The speaker is interesting, if long-winded, and while Irina appears to be paying attention, he knows she can see the several possible escape routes, and has calculated how long it would take her to get to freedom. In a second, he can see it: her hair streaming behind her, the sensible pumps being kicked aside.

He's thinking about ways to catch her when the first name is called, Abney, Alexander. Irina sits up just a bit straighter, and he's struck with a memory of one of Sydney's dance recitals as a child, one of the few he had attended. They had dutifully applauded the toddler tumblers and the preschoolers who danced to some pop song, but when Sydney's kindergarten class had been announced, Laura's back had straightened, her full attention on the five-year-old in the pink fairy costume: their Sydney.

Sydney's name is announced with no more fanfare than anyone else's, and Tippin whistles a celebratory sound at her arrival on the stage. He can just see his daughter cast her eyes to the audience to locate her friends before stepping forward to receive her diploma, and he can tell she's spotted them by the grin she casts in their direction. She solemnly takes her diploma, shakes the hand of the dean, and looks to the audience again as she finishes crossing the stage.

He realizes that she's looking for him a moment later, and the smile she gives him fills him with as much joy as it does regret: she seems both thrilled and relieved to see him. Upon seeing Irina, she almost stumbles- a quick, graceless move that is caught just before she gets off the stage.

"You told her I was going to come, didn't you?" Irina hisses.

"I did," he replies, his eyes following Sydney back to her seat, and he comes so close to saying 'Laura' that his throat burns with it.

At the end of the ceremony, the students refrain from tossing their hats in the air, (which Jack appreciates, because it allows him to keep his eyes on the places a sniper would most likely choose) and get up to find their friends and family. He stands and Irina follows, her pin catching the sunlight. She opens her mouth to ask something before thinking better of it.

Sydney finds them ten minutes later, after greeting her friends first, and kissing Vaughn soundly. She tucks her hair behind her ear without thinking as she approaches. "I didn't know if you guys would make it," she says awkwardly, like they haven't spoken in months, but her eyes are wide with the image of her parents side by side.

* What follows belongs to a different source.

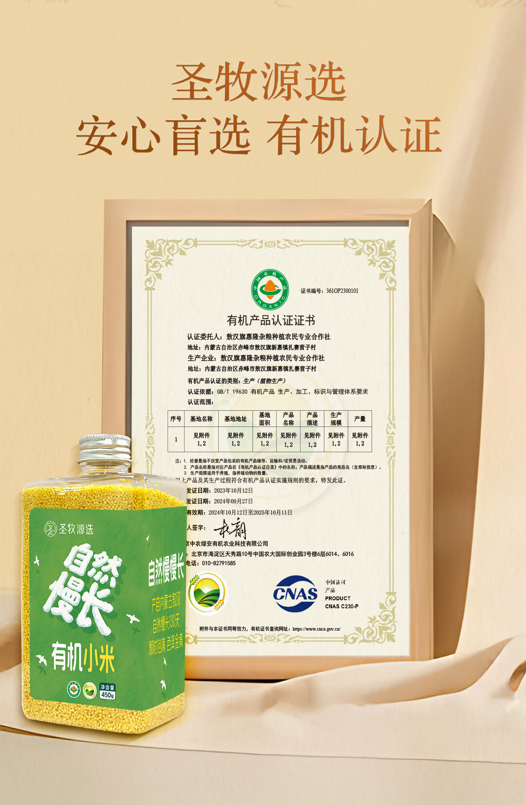 SHENGMU SINCE 2009圣牧源选有机杂粮 小米粥 辅食粥 源头直发内蒙古敖汉旗 有机纯牛奶200ml*10盒

"Of course we came," Irina says briskly, as though she's been to every function. She softens, and her smile is mirrored by Sydney as she says, "Congratulations, sweetheart."

He can see Sydney at five leaping into her mother's arms after the successful recital, full of energy as she recounted every moment, her arms twined around Laura's neck. She hugs Irina now, an adult, and then turns to him. "Thank you, Dad," When she releases him from her embrace, she says, "I'm going to lunch with Vaughn and Will and Francie. I... I guess you have to get back."

"Yes," Irina says, "Have fun with your friends." Sydney looks to him as though asking permission, and when he nods she leaves, a spring in her step as she joins the others.

"She looks beautiful," Irina says as they walk back to the car, her hand in the crook of his elbow, like they're a normal couple leaving their daughter's graduation, and he nods, because it's a true statement. He only opens her door because he wants to make sure she won't escape. She waits until he's driving to say, "If nothing else, you must believe that-" she pauses, "That everything with Sydney was real."

He thinks of Irina catching their daughter, mindful of delicate fairy wings, and peppering Sydney's face with kisses. "I know."